Work required: From the first line to the last, write out the records exactly, leaving out images.

Source material:

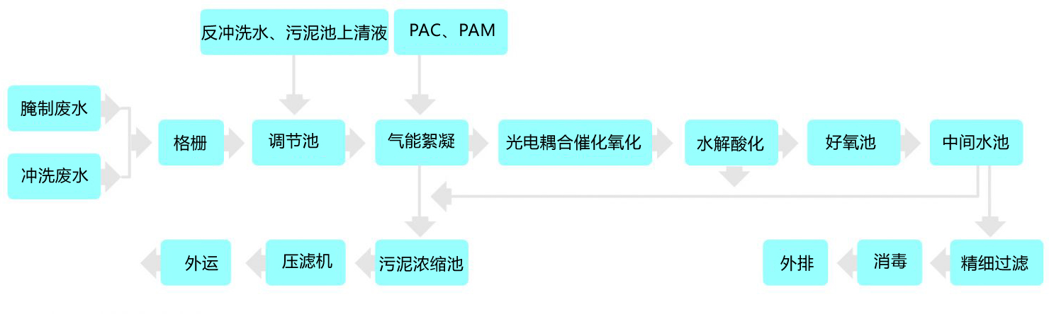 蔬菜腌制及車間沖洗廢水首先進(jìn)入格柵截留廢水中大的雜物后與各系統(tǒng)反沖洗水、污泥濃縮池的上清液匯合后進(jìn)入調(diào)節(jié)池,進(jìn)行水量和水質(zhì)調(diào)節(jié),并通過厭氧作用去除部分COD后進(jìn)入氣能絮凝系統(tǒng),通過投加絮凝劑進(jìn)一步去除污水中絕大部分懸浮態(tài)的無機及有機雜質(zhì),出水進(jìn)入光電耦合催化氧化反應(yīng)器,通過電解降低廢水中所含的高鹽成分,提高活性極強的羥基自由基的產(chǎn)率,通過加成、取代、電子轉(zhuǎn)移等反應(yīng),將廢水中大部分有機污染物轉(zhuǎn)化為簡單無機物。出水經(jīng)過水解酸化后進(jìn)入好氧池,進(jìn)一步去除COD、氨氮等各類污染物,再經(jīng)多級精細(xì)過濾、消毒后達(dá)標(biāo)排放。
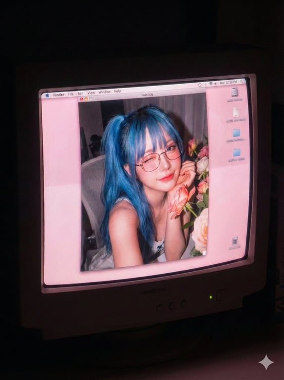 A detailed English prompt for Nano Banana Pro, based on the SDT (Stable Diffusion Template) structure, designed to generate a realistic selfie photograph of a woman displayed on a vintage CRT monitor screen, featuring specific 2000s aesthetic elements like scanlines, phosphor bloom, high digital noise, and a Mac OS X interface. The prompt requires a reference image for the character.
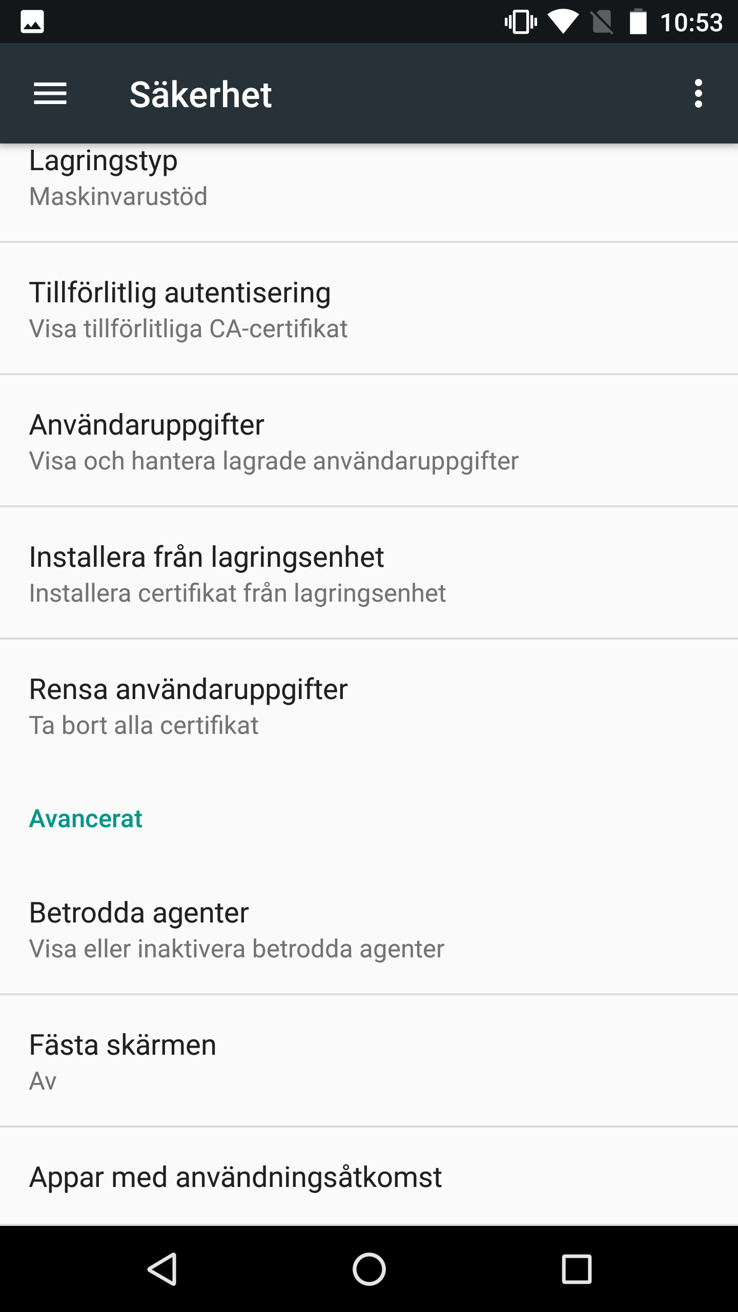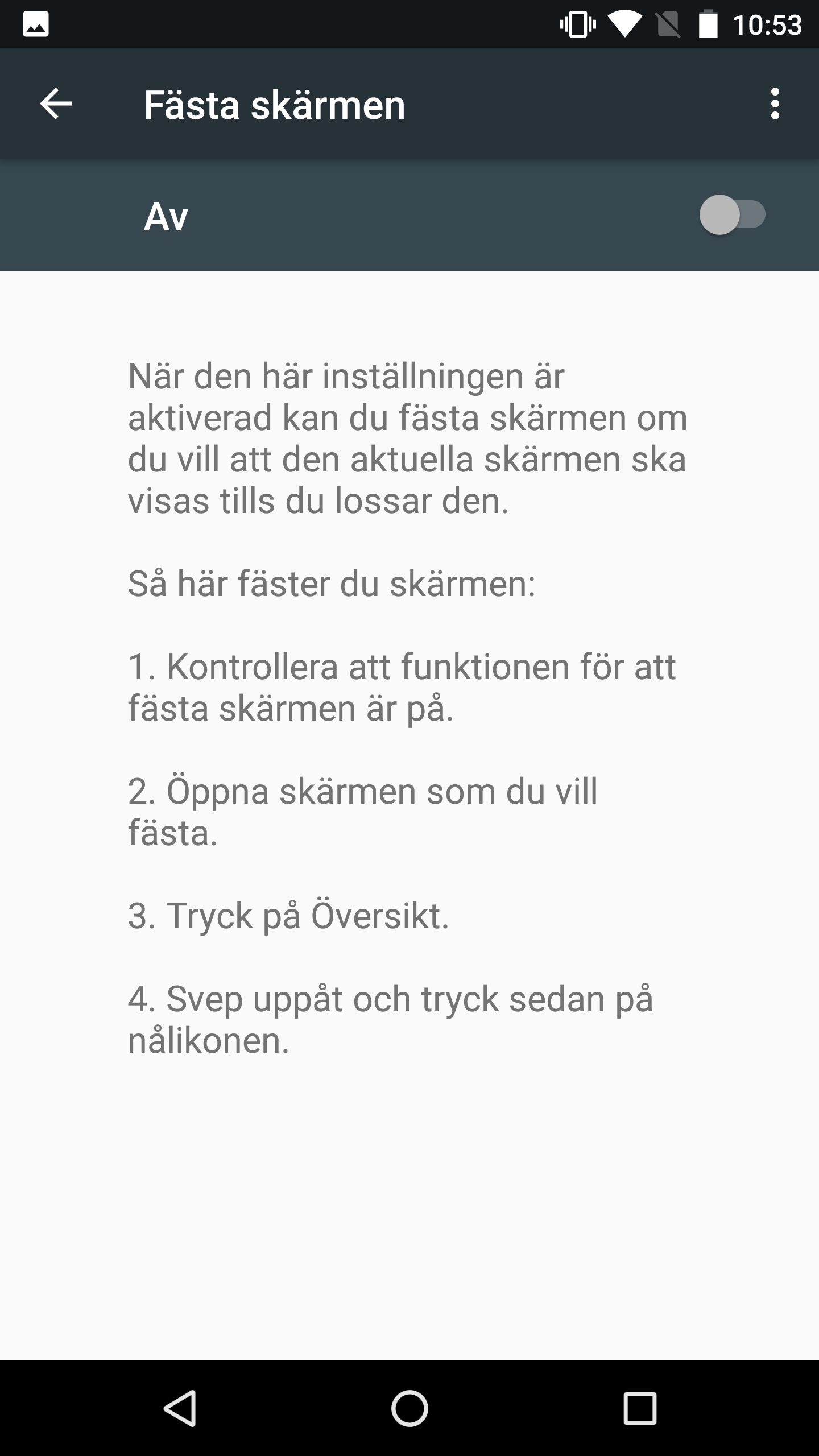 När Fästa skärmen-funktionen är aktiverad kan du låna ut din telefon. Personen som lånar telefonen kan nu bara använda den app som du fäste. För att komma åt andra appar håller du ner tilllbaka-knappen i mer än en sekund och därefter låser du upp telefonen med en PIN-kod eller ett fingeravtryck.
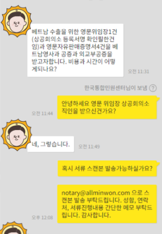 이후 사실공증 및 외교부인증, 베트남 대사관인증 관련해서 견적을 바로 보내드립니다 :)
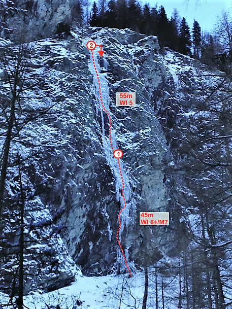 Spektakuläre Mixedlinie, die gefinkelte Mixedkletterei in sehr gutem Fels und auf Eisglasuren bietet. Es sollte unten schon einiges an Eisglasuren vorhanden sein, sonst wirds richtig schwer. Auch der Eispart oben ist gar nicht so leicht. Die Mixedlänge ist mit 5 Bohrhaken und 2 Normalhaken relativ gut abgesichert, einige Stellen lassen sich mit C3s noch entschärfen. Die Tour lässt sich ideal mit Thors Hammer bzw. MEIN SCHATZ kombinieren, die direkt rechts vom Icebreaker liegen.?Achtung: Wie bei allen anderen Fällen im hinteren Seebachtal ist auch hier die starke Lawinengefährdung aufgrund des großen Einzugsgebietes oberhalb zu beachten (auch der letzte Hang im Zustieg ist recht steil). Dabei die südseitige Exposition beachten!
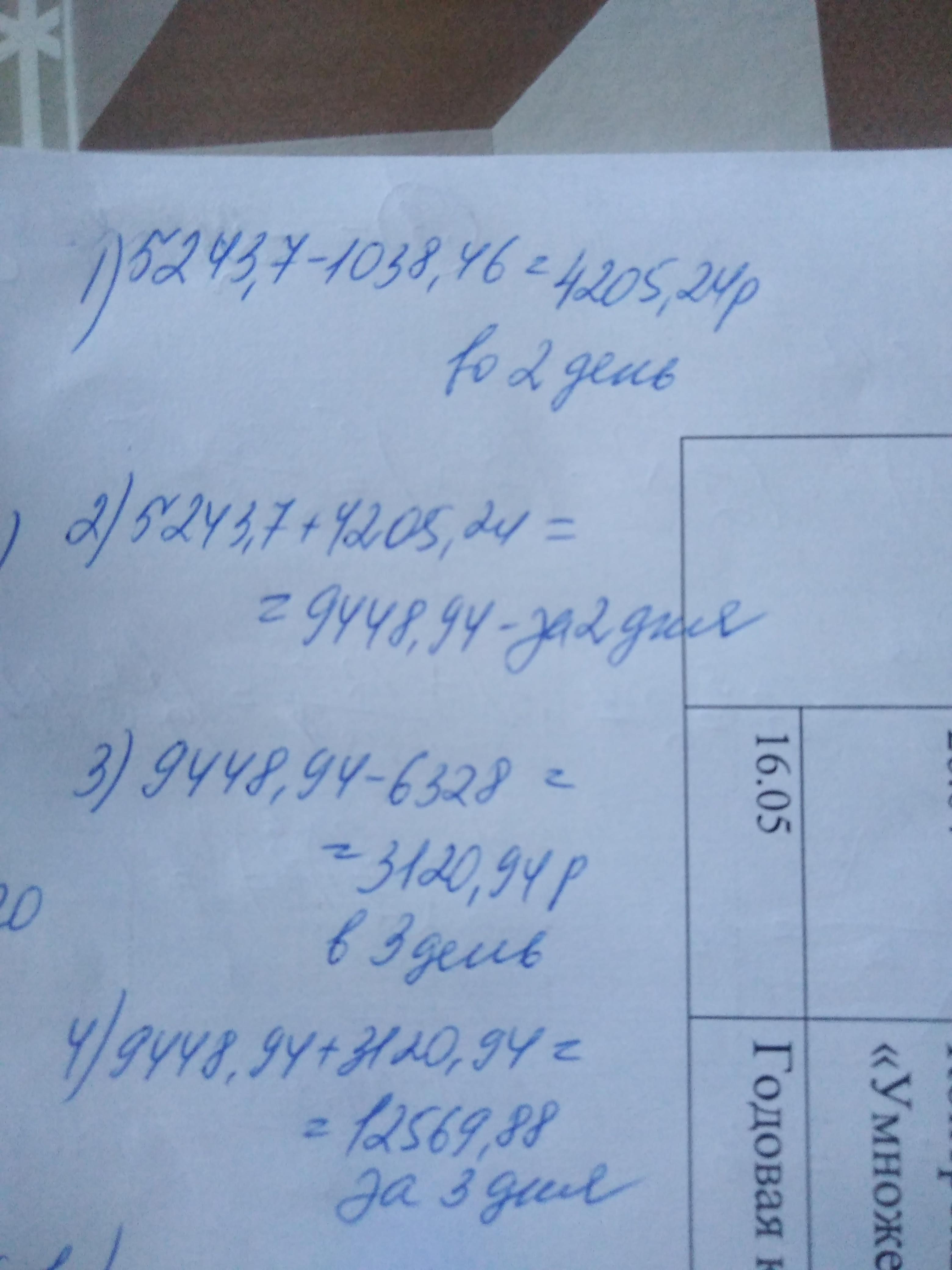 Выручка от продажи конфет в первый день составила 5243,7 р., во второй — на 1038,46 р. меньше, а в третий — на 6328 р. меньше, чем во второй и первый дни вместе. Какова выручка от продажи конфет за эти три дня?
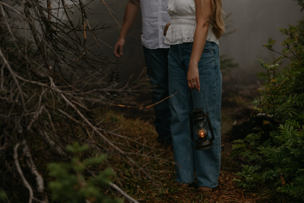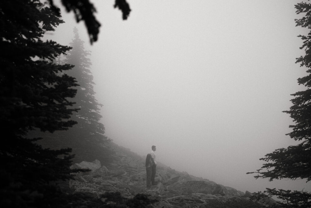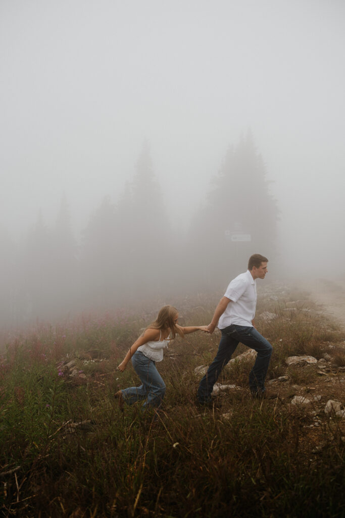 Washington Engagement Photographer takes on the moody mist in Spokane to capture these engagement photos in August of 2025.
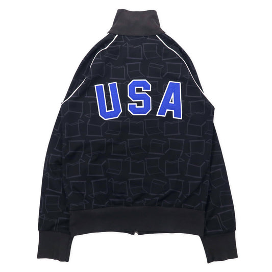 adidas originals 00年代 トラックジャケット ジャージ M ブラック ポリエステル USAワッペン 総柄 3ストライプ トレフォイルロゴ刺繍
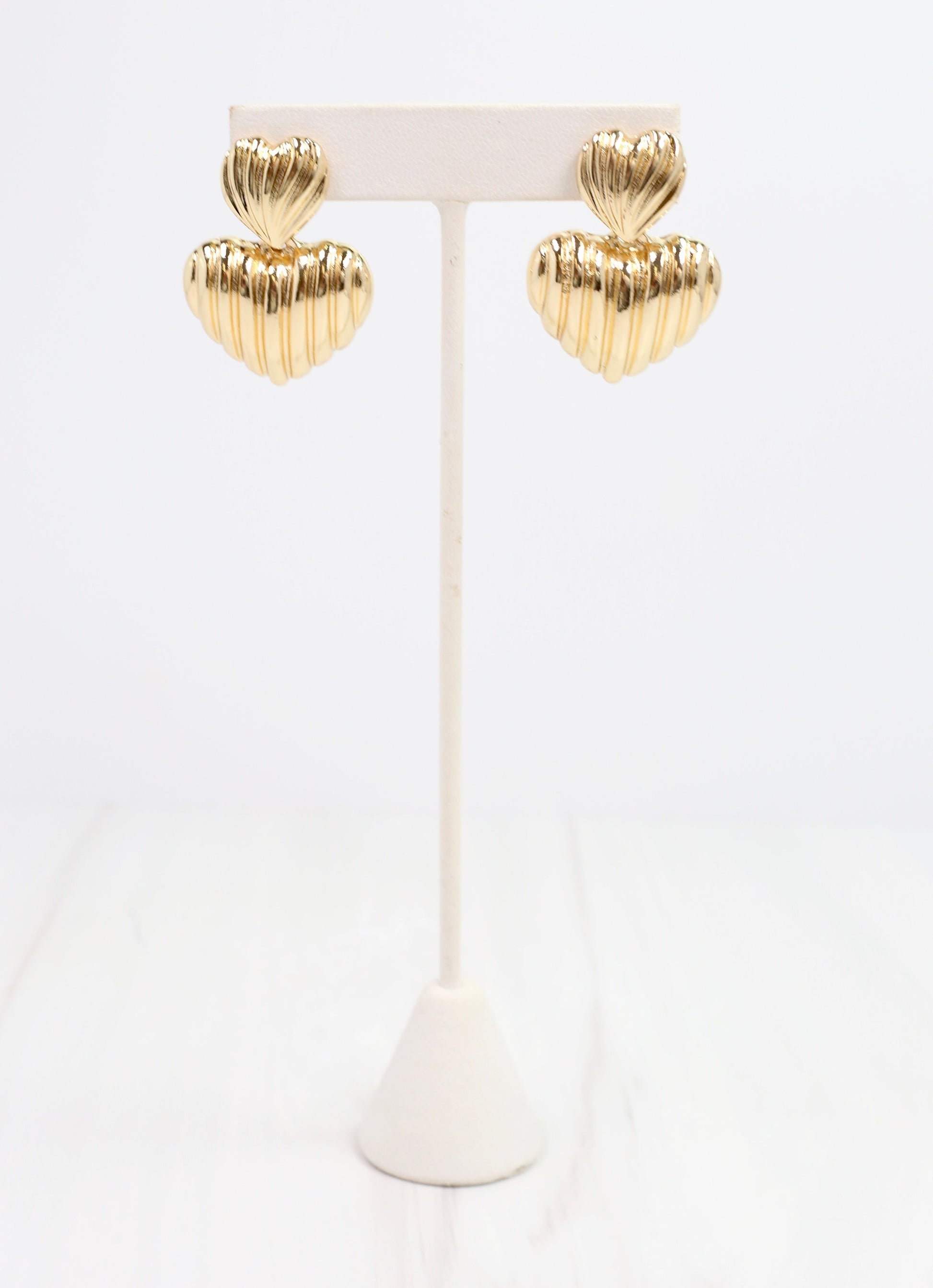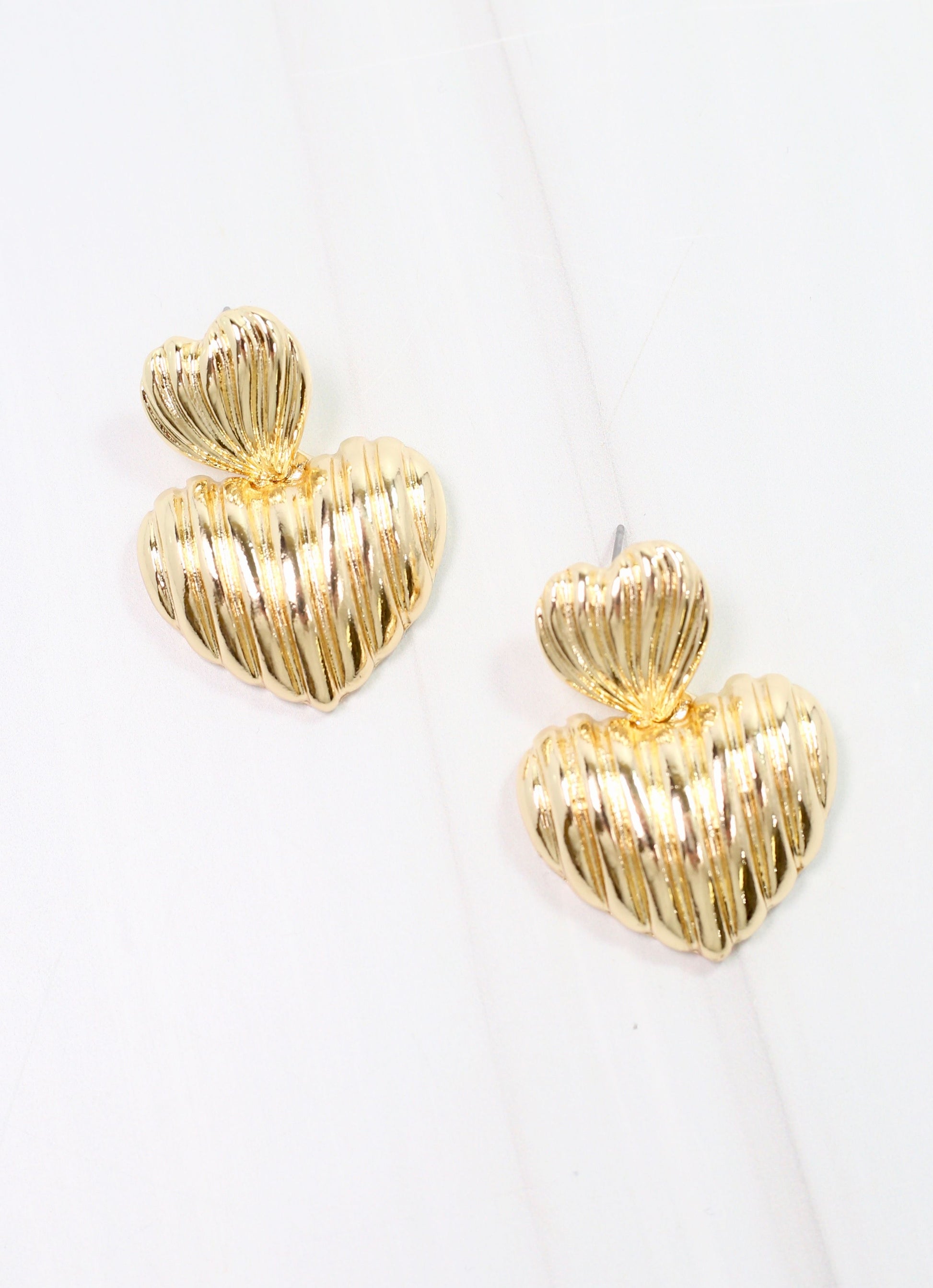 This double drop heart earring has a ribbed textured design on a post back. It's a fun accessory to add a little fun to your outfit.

Answer space:
 蔬菜腌制及車間沖洗廢水首先進(jìn)入格柵截留廢水中大的雜物后與各系統(tǒng)反沖洗水、污泥濃縮池的上清液匯合后進(jìn)入調(diào)節(jié)池,進(jìn)行水量和水質(zhì)調(diào)節(jié),并通過厭氧作用去除部分COD后進(jìn)入氣能絮凝系統(tǒng),通過投加絮凝劑進(jìn)一步去除污水中絕大部分懸浮態(tài)的無機及有機雜質(zhì),出水進(jìn)入光電耦合催化氧化反應(yīng)器,通過電解降低廢水中所含的高鹽成分,提高活性極強的羥基自由基的產(chǎn)率,通過加成、取代、電子轉(zhuǎn)移等反應(yīng),將廢水中大部分有機污染物轉(zhuǎn)化為簡單無機物。出水經(jīng)過水解酸化后進(jìn)入好氧池,進(jìn)一步去除COD、氨氮等各類污染物,再經(jīng)多級精細(xì)過濾、消毒后達(dá)標(biāo)排放。
 A detailed English prompt for Nano Banana Pro, based on the SDT (Stable Diffusion Template) structure, designed to generate a realistic selfie photograph of a woman displayed on a vintage CRT monitor screen, featuring specific 2000s aesthetic elements like scanlines, phosphor bloom, high digital noise, and a Mac OS X interface. The prompt requires a reference image for the character.
 När Fästa skärmen-funktionen är aktiverad kan du låna ut din telefon. Personen som lånar telefonen kan nu bara använda den app som du fäste. För att komma åt andra appar håller du ner tilllbaka-knappen i mer än en sekund och därefter låser du upp telefonen med en PIN-kod eller ett fingeravtryck.
 이후 사실공증 및 외교부인증, 베트남 대사관인증 관련해서 견적을 바로 보내드립니다 :)
 Spektakuläre Mixedlinie, die gefinkelte Mixedkletterei in sehr gutem Fels und auf Eisglasuren bietet. Es sollte unten schon einiges an Eisglasuren vorhanden sein, sonst wirds richtig schwer. Auch der Eispart oben ist gar nicht so leicht. Die Mixedlänge ist mit 5 Bohrhaken und 2 Normalhaken relativ gut abgesichert, einige Stellen lassen sich mit C3s noch entschärfen. Die Tour lässt sich ideal mit Thors Hammer bzw. MEIN SCHATZ kombinieren, die direkt rechts vom Icebreaker liegen.?Achtung: Wie bei allen anderen Fällen im hinteren Seebachtal ist auch hier die starke Lawinengefährdung aufgrund des großen Einzugsgebietes oberhalb zu beachten (auch der letzte Hang im Zustieg ist recht steil). Dabei die südseitige Exposition beachten!
 Выручка от продажи конфет в первый день составила 5243,7 р., во второй — на 1038,46 р. меньше, а в третий — на 6328 р. меньше, чем во второй и первый дни вместе. Какова выручка от продажи конфет за эти три дня?
 Washington Engagement Photographer takes on the moody mist in Spokane to capture these engagement photos in August of 2025.
 adidas originals 00年代 トラックジャケット ジャージ M ブラック ポリエステル USAワッペン 総柄 3ストライプ トレフォイルロゴ刺繍
 This double drop heart earring has a ribbed textured design on a post back. It's a fun accessory to add a little fun to your outfit.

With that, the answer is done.